| Exercise details |
Below are several entries. Transcribe exactly those lines that fall from the one with "As shown in" through the one with "围绕黄金回收讨论最多的话题之", end lines included.
___ Records to use ___
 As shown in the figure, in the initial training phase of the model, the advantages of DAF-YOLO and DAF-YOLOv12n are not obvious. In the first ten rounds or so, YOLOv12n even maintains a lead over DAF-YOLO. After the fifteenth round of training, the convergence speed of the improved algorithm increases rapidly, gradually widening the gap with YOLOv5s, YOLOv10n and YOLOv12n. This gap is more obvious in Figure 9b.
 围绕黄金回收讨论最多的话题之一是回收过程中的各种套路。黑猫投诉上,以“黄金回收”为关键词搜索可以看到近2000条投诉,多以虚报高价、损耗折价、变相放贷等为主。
___
___ Records to use ___
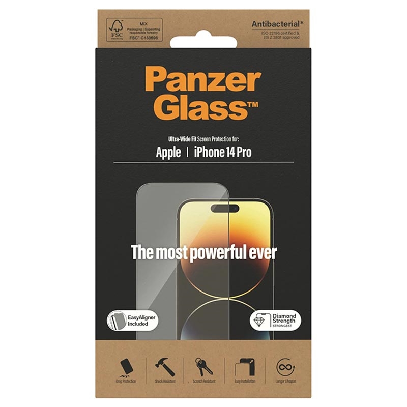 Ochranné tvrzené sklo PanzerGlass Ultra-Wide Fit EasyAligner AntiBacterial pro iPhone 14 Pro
___
| Solution |
 As shown in the figure, in the initial training phase of the model, the advantages of DAF-YOLO and DAF-YOLOv12n are not obvious. In the first ten rounds or so, YOLOv12n even maintains a lead over DAF-YOLO. After the fifteenth round of training, the convergence speed of the improved algorithm increases rapidly, gradually widening the gap with YOLOv5s, YOLOv10n and YOLOv12n. This gap is more obvious in Figure 9b.
 围绕黄金回收讨论最多的话题之一是回收过程中的各种套路。黑猫投诉上,以“黄金回收”为关键词搜索可以看到近2000条投诉,多以虚报高价、损耗折价、变相放贷等为主。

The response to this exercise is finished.